Rape and sexual violence in Kosovo took place in the wake of Bosnia and Herzegovina. The women of Kosovo were aware of the atrocities that occurred there as tools of "ethnic cleansing." Prior to the war, official state propaganda in Yugoslavia was used to attack Albanian women. They were described as uneducated women ready to have sex. The propaganda also called Albanian women baby makers that produced "biological bombs." Countless accounts describe police, soldiers, and paramilitaries raping women that were in homes, while in detention, or in flight from the country. Frequently they were raped in front of their families or other groups of people. This is especially devastating to these women who are often abandoned or blamed for such violence. In an attempt to protect themselves many of the women dressed as though they were elderly or rubbed dirt and mud on their faces (HRW, 2000).

Many Others

It is evident that in times of war women are targeted. Other refugees and civilians of war-torn areas have also suffered such treatment. The Human Rights Watch Global Report on Women's Human Rights published in 1995 discusses rape as a weapon of war and tool of political repression in great detail. Included are the women of Somalia who have suffered through civil and ethnic faction wars. These women are targeted as they attempt to collect water or firewood for their families. Rivals wait for the women to leave the camp and then strike, it is their way to punish the enemy. Women and women based organizations were also targeted in Haiti. Military personnel and civilian allies subjected women to sex-specific abuses like bludgeoning their breasts to rape. These acts were used to punish women for their political beliefs, terrorize them, or send violent messages to male relatives. Other violations have been taken place in India and Peru by security forces and militant groups. Refugees and the displaced such as the Burmese in Bangladesh and Somali refugees in Kenya also suffered multiple and repeated rapes (HRW 1995). This list does not even begin to acknowledge all of the horrific cases of sexual violence that have and are currently occurring around the globe.

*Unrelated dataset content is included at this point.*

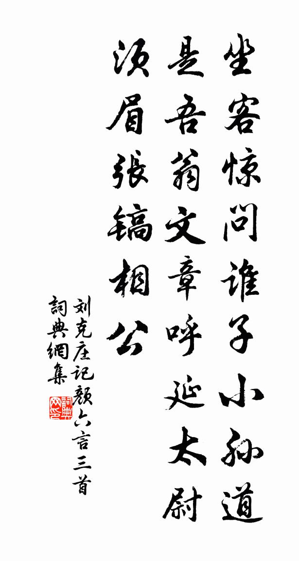詩詞名句歷史字典書法欣賞書法字典國語詞典說文解字康熙字典古漢語字典標 題 作 者 詩 句 記顏六言三首作者:劉克莊 朝代:宋代記顏六言三首原文坐客驚問誰子,小孫道是吾翁。文章呼延太尉,鬚眉張鎬相公。詩詞問答問:記顏六言三首的作者是誰?答:劉克莊問:記顏六言三首寫於哪個朝代?答:宋代問:劉克莊的名句有哪些?答:劉克莊名句大全劉克莊記顏六言三首書法欣賞記顏六言三首書法作品詩詞推薦漁家傲侯善淵〔元代〕混沌杳冥經寰宇。彩霞散盡明玉兔。西落鹹池復回顧。心開悟。凝魂晦魄金烏趣。美盼扶彝寒光露。氤氳三色淳清贈別離陳陶〔唐代〕碧玉飛天星墜地,玉劍分風交合水。楊柳聽歌莫向隅,雞鳴一石留髡醉。蹄輪送客溝水東,月娥揮手崦嵫峰。蠻天游沖虛觀蔡襄〔宋代〕真人玉骨輕,御氣升瑤台。俯首視下方,萬落腥塵埃。香火久寂寞,山川空徘徊。舊樹絡青蔓,虛壇生紫苔。宴坐韓公堆寄元九白居易〔唐代〕韓公堆北澗西頭,冷雨涼風拂面秋。努力南行少惆悵,江州猶似勝通州。端午帖子太上皇帝閣周必大〔宋代〕此日天中節,它年赤伏符。只因昭火德,不為記荊吳。賦魏相之所收花光老小景吳則禮〔宋代〕湖北湖南天水寬,道人付此一毫端。魏郎得之不自供,要遣西山老眼看。秋夜有懷醉書十韻王琮〔宋代〕秋風從何來,颯颯入窗牖。殘鐙耿不寐,照我客顏厚。故園豈不佳,亦頗興懷否。黃金桂百樹,碧玉池十畝。猿鶴嵩山十志十首。樾館盧鴻一〔唐代〕樾館者,蓋即林取材,基顛柘,架茅茨,居不期逸,為不至勞,清談娛賓,斯為尚矣。及盪者鄙其隘闃,苟事宏湎句錢惟濟〔宋代〕庭下焚香連宿霧,林間鳴佩起棲鸞。阻風劉子翬〔宋代〕晚歲多悲風,江湖浪崢嶸。扁舟渺無依,日暮猶孤征。重崗擁滯協,迥隰飄浮霙。繫舟古岸邊,纜斷舟復橫。天寒鷓鴣天辛棄疾〔宋代〕石壁虛雲積漸高。溪聲繞屋幾周遭。自從一雨花零亂,卻愛微風草動搖。呼玉友,薦溪毛。殷勤野老苦相邀。杖藜寄題宋職方翠樓余靖〔宋代〕層樓幽趣稱登臨,望遠憑高豁素襟。棋酒等閒忘世慮,溪山最樂是家林。松聲帶雨千峰外,潭影涵虛落照深。此景短歌王貞白〔唐代〕物候來相續,新蟬送晚鶯。百年休倚賴,一夢甚分明。金鼎神仙隱,銅壺晝夜傾。不如早立德,萬古有其名。酬張十八訪宿見贈(自此後詩為贊善大夫時所作)白居易〔唐代〕昔我為近臣,君常稀到門。今我官職冷,君君來往頻。我受狷介性,立為頑拙身。平生雖寡合,合即無緇磷。況君題扇面六言黃復之〔宋代〕峽束天圍漸小,林穿日腳微明。竹居有徑誰掃,水礁無人自鳴。贈退齋同年貢舉吳語溪〔宋代〕看花攜手鬢俱青,一轉頭來昨夢驚。四海同年今有幾,相逢此日得無情。著書君已名千載,廢學吾方悔半生。離合怡怡軒贈王次翁晃沖之〔宋代〕先生骨老勁如松,柴米辛勤只自供。每笑燃萁何太急,應憐舂粟不相容。雖能有弟同斯樂,忍使無兒繼此蹤。月歐陽修〔宋代〕天高月影浸長江,江闊風微水面涼。天水相連為一色,更無纖靄隔清光。人日出遊湖上十首楊萬里〔宋代〕城中雪一尺,山中雪一丈。地上都巳消,卻在松梢上。杏花厲文翁〔宋代〕杏花菖葉漸爛斑,率屬劭農入祖關。昔日郎君方彩袖,今朝太守已蒼顏。名句推薦日落謝家池館,柳絲金縷斷。韋莊《歸國遙·春欲晚》 予獨愛蓮之出淤泥而不染,濯清漣而不妖周敦頤《愛蓮說》 林中有奇鳥,自言是鳳凰。阮籍《詠懷八十二首·其七十九》 鹿車何日駕,歸去潁東田。歐陽修《秋懷》 無冥冥之志者,無昭昭之明;無惛惛之事者,無赫赫之功。荀子《荀子·勸學》 教民禮順,莫善於悌。孔子及其弟子《孝經·廣要道》 哀哀父母,生我勞瘁。佚名《蓼莪》 欲知方寸,共有幾許清愁,芭蕉不展丁香結。賀鑄《石州引·薄雨初寒》 故木受繩則直,金就礪則利,君子博學而日參省乎己,則知明而行無過矣。荀子《荀子·勸學》 偶然值林叟,談笑無還期。王維《終南別業 / 初至山中 / 入山寄城中故人》

Consequences of Rape As a Weapon

The pain, agony, and consequences of rape do not end with the attack of these victims. The effects often last for the rest of these women's lives. Those who survive risk contracting sexually transmitted diseases, HIV, or becoming pregnant. Those who are forced to bear the child of an attacker are constantly reminded of the invasion of their community and of their person. Some have been so badly injured in attacks that they will never be able to bear children. Some societies have religious or cultural restrictions on those who are no longer virgins. These women may never be able to be a part of their families or communities. These women may never receive any professional help for the physical, psychological, and economic damage inflicted upon them. Many are unable to bear the pain and shame and take their own lives (Chinkin, 2000).